■ Problem to solve
Of the records that follow, copy only the lines from the line containing "MASTER BEDROOM / LUXURY SUITE" to the line containing "County Nursing Home", both included, exactly as written.

■ Data shown
——

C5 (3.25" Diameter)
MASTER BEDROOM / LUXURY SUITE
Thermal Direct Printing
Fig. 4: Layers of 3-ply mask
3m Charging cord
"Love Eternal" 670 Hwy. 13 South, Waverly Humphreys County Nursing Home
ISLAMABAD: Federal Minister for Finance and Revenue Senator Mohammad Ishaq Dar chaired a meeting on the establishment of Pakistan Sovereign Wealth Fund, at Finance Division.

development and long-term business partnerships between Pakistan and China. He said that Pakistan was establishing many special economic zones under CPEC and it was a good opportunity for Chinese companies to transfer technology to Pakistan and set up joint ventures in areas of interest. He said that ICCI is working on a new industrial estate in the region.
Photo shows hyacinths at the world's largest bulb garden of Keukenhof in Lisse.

——

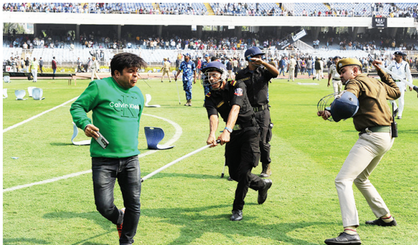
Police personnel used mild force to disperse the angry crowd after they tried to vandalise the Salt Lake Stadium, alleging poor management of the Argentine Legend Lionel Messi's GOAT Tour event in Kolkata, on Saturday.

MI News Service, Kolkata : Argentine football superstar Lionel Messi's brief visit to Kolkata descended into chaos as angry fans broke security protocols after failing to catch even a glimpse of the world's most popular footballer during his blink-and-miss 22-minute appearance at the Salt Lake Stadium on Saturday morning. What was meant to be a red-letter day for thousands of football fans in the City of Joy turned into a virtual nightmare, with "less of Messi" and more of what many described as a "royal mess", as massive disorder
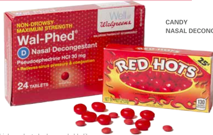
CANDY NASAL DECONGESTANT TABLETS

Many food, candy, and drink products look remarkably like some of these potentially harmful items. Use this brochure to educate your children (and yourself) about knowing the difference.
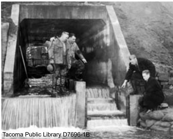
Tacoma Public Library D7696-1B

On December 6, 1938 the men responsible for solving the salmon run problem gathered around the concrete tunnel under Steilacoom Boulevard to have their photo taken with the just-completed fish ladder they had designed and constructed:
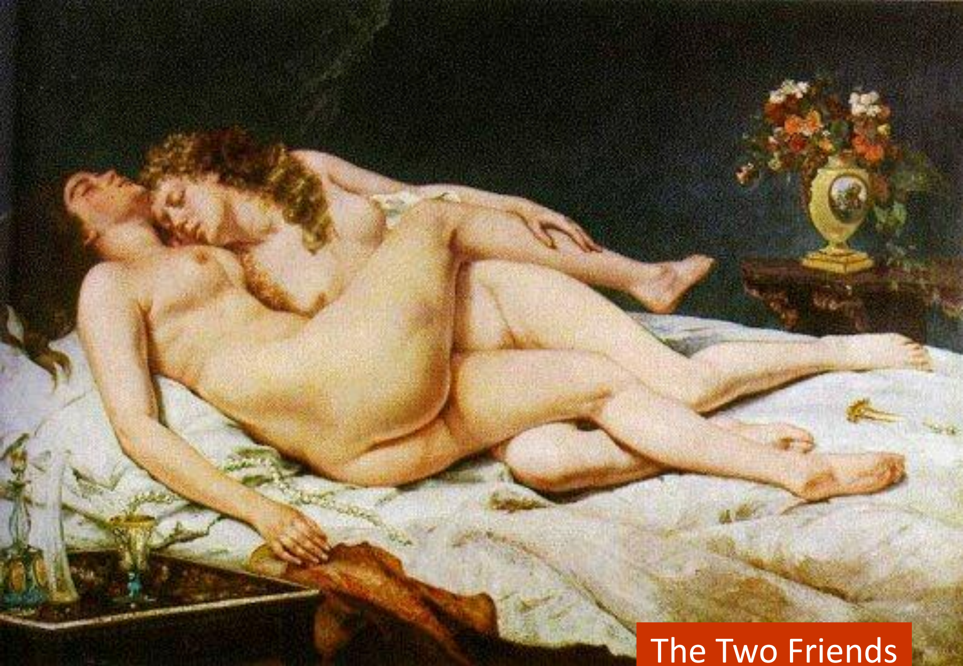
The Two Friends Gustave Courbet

——

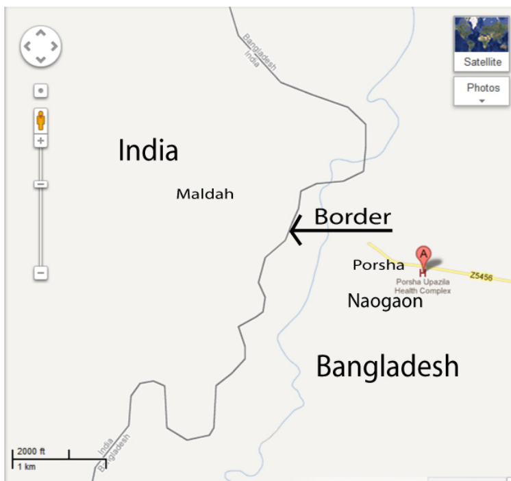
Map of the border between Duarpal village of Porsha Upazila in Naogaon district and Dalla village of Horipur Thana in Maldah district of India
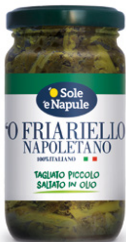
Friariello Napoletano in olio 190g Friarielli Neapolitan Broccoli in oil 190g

——

■ Written response
MASTER BEDROOM / LUXURY SUITE
Thermal Direct Printing
Fig. 4: Layers of 3-ply mask
3m Charging cord
"Love Eternal" 670 Hwy. 13 South, Waverly Humphreys County Nursing Home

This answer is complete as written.